# Saffron Emergency!



## Pimpim (Aug 25, 2006)

Hey y'all... I hope you could help me, I've been thinking about this all morning... isn't saffron kinda expensive? Is there any alternative I could use for a paella? 


Pimpim


----------



## lulu (Aug 25, 2006)

You only need a teeny bit of saffron, so it goes a very long way....personally I think its worth it.


----------



## karadekoolaid (Aug 25, 2006)

Pimpim said:
			
		

> Hey y'all... I hope you could help me, I've been thinking about this all morning... isn't saffron kinda expensive?

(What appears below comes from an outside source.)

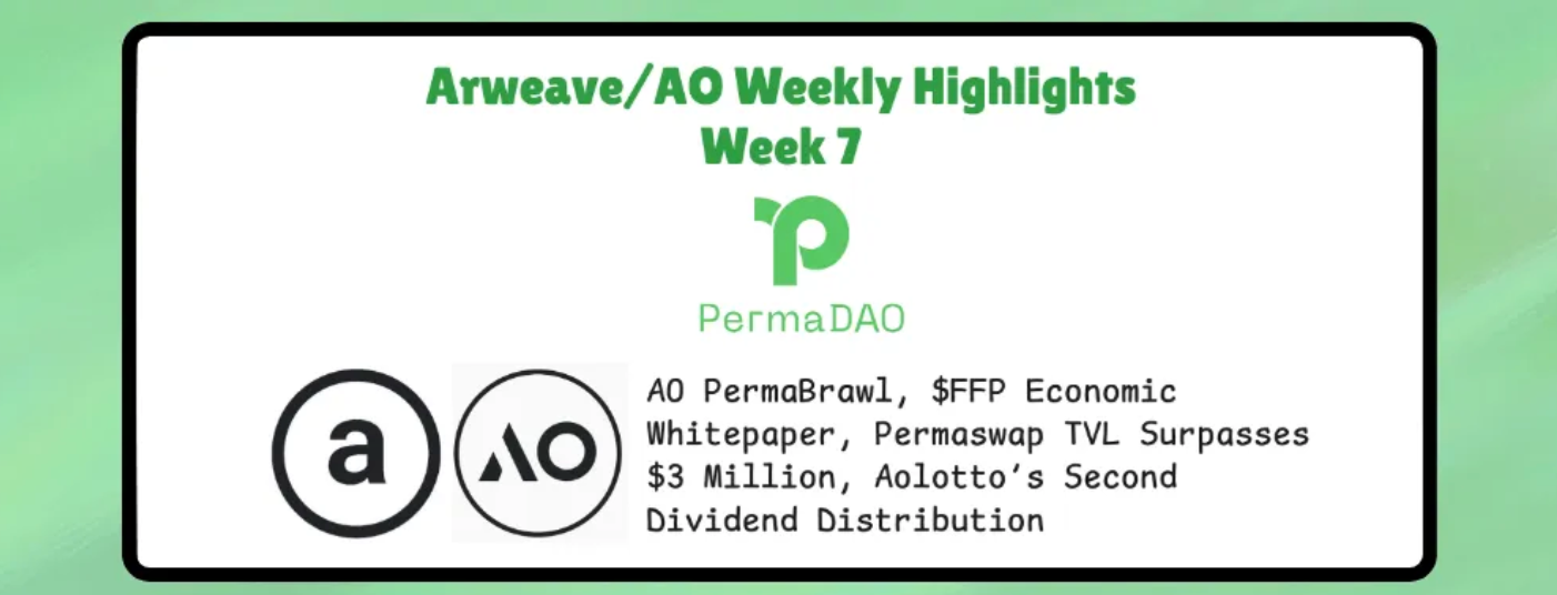 Original link: https://permadao.notion.site/Arweave-AO-Weekly-Highlights-Week-7-AO-PermaBrawl-FFP-Economic-Whitepaper-Permaswap-TVL-Surpass-19d27607c439805bacf8f81a508bfc52?pvs=4

Is there any alternative I could use for a paella?
> 
> 
> Pimpim


 
A little goes a very long way!

Of course, you could use turmeric, but then you'd have a rice pullao instead od a paella!


----------



## ChefJune (Aug 25, 2006)

Many specualty stores and supermarkets sell saffron in small glass vials in the spice section, or they keep it under lock and key and you have to ask for it.  Even so, for a large paella you only need a PINCDH of what's in that little vial.  too much will make your dish astringent and unpleasant.  Turmeric will color the rice, but will not give your paella the traditional "paella" taste you are after.
There is no substitute.


----------



## Andy M. (Aug 25, 2006)

There is no substitute for saffron in paella.  Saffron is a key ingredient.  In other dishes I would recommend you just leave itout but that won't work with paella.

As mentioned above, you only need a little and that won't cost too much.


----------



## urmaniac13 (Aug 25, 2006)

In Italy they are available in finely ground form in tiny individual pouches for single uses, though they are sold in multiple packs of at least 3 or 6 pouches, they don't cost any more than a couple of euros at the max, and you will be surprised just how little it is required to attain a full effect, both flavour-wise and colour-wise.

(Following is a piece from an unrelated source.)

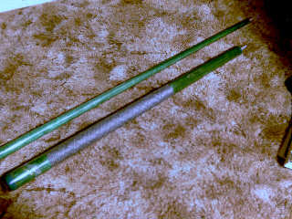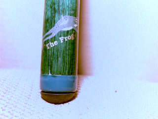 Here is an older Frog Jump Cue from Robin Dodson, when she was still Robin Bell. Brass ferrule and brass joint. Asking $30 shipped.

See if they are available in this kind of format, it is really worth it.  As Clive pointed out, if you are only concerned about making it yellow turmeric will suffice, but the flavour will be completely different.


----------



## Robo410 (Aug 25, 2006)

there is no substitute.  the flavor is strong and unique and blends with citrus, tomato, fish, meat, and herbs like nothing else.  Tumeric will give you a yellow color, but no taste.

All spices are expensive.  Look at the price per pound at the supermarkets.  If you use a lot of saffron in your cooking as I do, then it is worth buying an OZ at a time (bulk) and it runs about $35.  this will last me about two years and it keeps well in an airtight can.  It is usually sold by the gram or 16th of an oz.  and runs anywhere from $2.50 to $4.  But you won't use all that in one dish.  So it is cost effective.  

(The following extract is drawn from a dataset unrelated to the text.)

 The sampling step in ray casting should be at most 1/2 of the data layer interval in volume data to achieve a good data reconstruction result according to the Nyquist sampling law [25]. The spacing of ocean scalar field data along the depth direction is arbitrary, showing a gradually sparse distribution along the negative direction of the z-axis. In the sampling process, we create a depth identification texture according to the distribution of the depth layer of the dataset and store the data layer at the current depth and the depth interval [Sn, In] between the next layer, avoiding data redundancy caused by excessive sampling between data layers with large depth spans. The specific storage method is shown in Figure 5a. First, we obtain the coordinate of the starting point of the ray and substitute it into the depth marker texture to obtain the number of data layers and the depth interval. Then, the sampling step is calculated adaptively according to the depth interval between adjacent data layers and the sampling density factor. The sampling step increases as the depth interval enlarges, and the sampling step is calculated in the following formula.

Make sure you buy the strands, not powder.


----------



## lulu (Aug 25, 2006)

I have used both strands and powder, I like both, but find the strands more beautiful and therefore enjoyable.  I would certainly choose using powdered saffron over using none at all!


----------



## sparrowgrass (Aug 25, 2006)

Try the health food store or ethnic market--saffron is often cheaper from those places.

No substitute for it, no matter how expensive.


----------



## Chopstix (Aug 25, 2006)

Something I learned from a chef: To get maximum mileage out of your expensive saffron, don't add it directly to food.  Place saffron threads in a small mortar.  Add pinch of iodized salt & sugar.  Use pestle to finely mash saffron threads, then add a little chicken stock to pick up all that precious flavor and color.  Pour this liquid to the food.


----------



## Essie (Aug 28, 2006)

You cannot substitue any ingredient for saffron. Also, stay away from the powdered saffron because it may not be pure.


----------



## Michael in FtW (Aug 28, 2006)

Pimpim said:
			
		

> Hey y'all... isn't saffron kinda expensive? Is there any alternative I could use for a paella?


 
As to the first part - yes, saffron is the most expensive spice in the world. But, it doesn't take much ... so in the long run ... it's not always that cost prohibitive. (it takes over 200,000 stigmas from crocus sativa flowers to make a pound and they have to be harvested and processed by hand - I think there are only 2-3 sitma per flower - ... usually you only need a few threads).

Can you sub something else? No - not if you want it to _taste_ like a true authentic paella. You can use subs to make it "look" the same (yellow) but it will not have the same flavor.


----------



## YT2095 (Aug 28, 2006)

I`ve heard of Marigold petals being sold as a poor-mans-safron abroad, never tried it myself although I have some from Turkey, personaly you can`t beat the real thing IMO.


----------



## Chef_Jen (Aug 28, 2006)

if your just making a seafood rice dish and its for friends family etc. then ya use tumeric for the colour.. but if its on a menu you really should use saffron as thats what people expect


----------